Example - Student roll number is a candidate key and student name is a prime attribute.
Non-prime attribute : An attribute that is not part of any candidate key.
Example - Student roll number is a candidate key and student address is a non-prime attribute.
Here, Customer ID and Store ID both are the primary keys which mean composite primary key and the location depends on the Store ID which is a part of a primary key. So, it is not satisfying the 2NF. Let’s break it into two tables.
Now, Store ID depends on the Customer ID in the purchase table and Location depends on the Store ID in the store table.
Third Normal Form:
In 3NF, it should satisfy the following two conditions.
- It should satisfy the second normal form.
- At least one of the functional dependencies between X and Y (X ->Y) should be happening.

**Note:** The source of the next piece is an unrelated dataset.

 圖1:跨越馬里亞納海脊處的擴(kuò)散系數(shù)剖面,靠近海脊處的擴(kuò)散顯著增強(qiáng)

-> X is a super key of the table.
-> Y is a prime attribute of the table.
Super key : A set of one or more attributes within a table whose values can uniquely identify the row. A candidate key is a super key but vice versa is not true.
In this table, Book ID determines Genre ID and Genre ID determines Genre type which means Book ID determines Genre type via Genre ID and we have a transitive functional dependency( X -> Z -> Y ). Here, the Genre type is a prime attribute. Let’s break it out,
Now, the book table has a functional dependency of X -> Z and the Genre table has a functional dependency of Z -> Y.
X — Book ID
Y — Genre ID
Z — Genre type
Boyce-Codd Normal Form:
It is an advanced version of 3NF that why it is also called as 3.5NF, it should satisfy the following two conditions.

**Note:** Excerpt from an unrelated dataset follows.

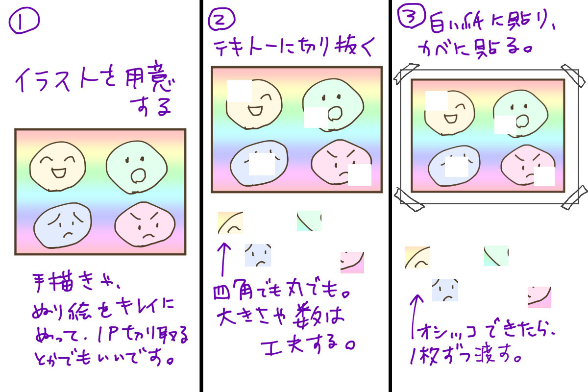 というものだったのですが、これお絵描きソフト使い慣れてる人じゃないとハードル高いし、パソコンやプリンターが無い環境の人ももちろん居るから、おすすめできるやり方じゃないなと思い、除外しました。
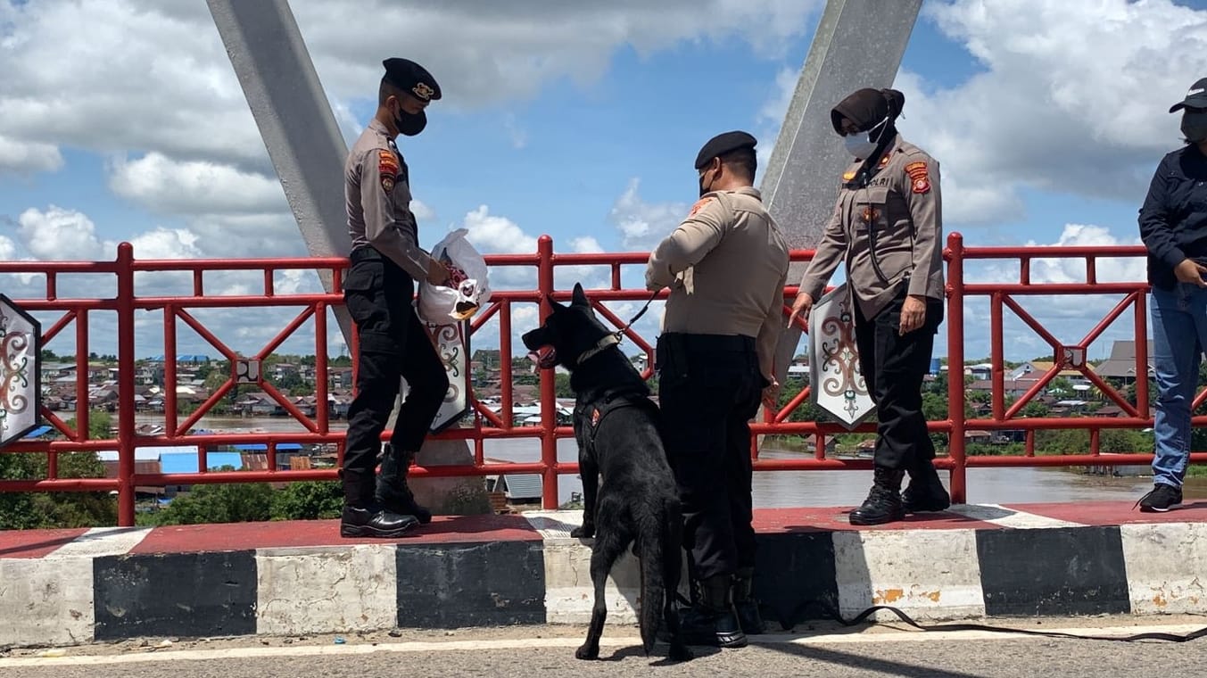 Petugas saat mengerahkan anjing Pelacak untuk mencari orang hilang di Jembatan Kahayan. (Ist)

- It should satisfy the third normal form.
- It should be in functional dependency X ->Y which is “ X should be the super key of the table ”.
In this table, the unique combination of Student and Course determines the Teacher and also Teacher determines the Course. The problem is, the teacher is not a super key but it determines the course. To satisfy the BCNF, we have to break the table.
Fourth Normal Form:
In 4NF, it should satisfy the following two conditions.
- It should satisfy the Boyce-Codd normal form.
- It should not contain more than one multivalued dependency.
Here, key columns are Student, major, and Hobby but this table defines two multivalued dependencies. The student defines a major and it also defines a hobby. So, let’s divide it.
Now, it is divided into two tables which are a major table and a hobby table.
Fifth Normal Form:
If a database is said to be in 5NF then it should satisfy the fourth normal form and if we decompose a table into furthermore tables to avoid redundancy and anomalies, then we can rejoin all the tables through candidate keys, “ we should not lose the original data and we should not add any new data also ”. Let’s take an example,
In this table, we have seller, company, and product columns. Here, Adhitya has the same company but different products, and Abhinav have different companies and different products. Now, we divide this table into two tables which are the seller-company table and seller-product table.
If we combine those two tables, we will lose some data. Here, Aman has only one company which is coca-cola and he has only one product so, we can join Aman’s details easily. Adhitya has only one company and he has three products so he definitely would have bought those products in one company then we can join these details also. Next, Abhinav has two companies and he has two products here, we can’t join Abhinav details without a company-product table.
Now, by referring to the Company-Product table we can easily join Abhinav details also.
To create an accurate database, we have to do a normalization process at a hierarchical level.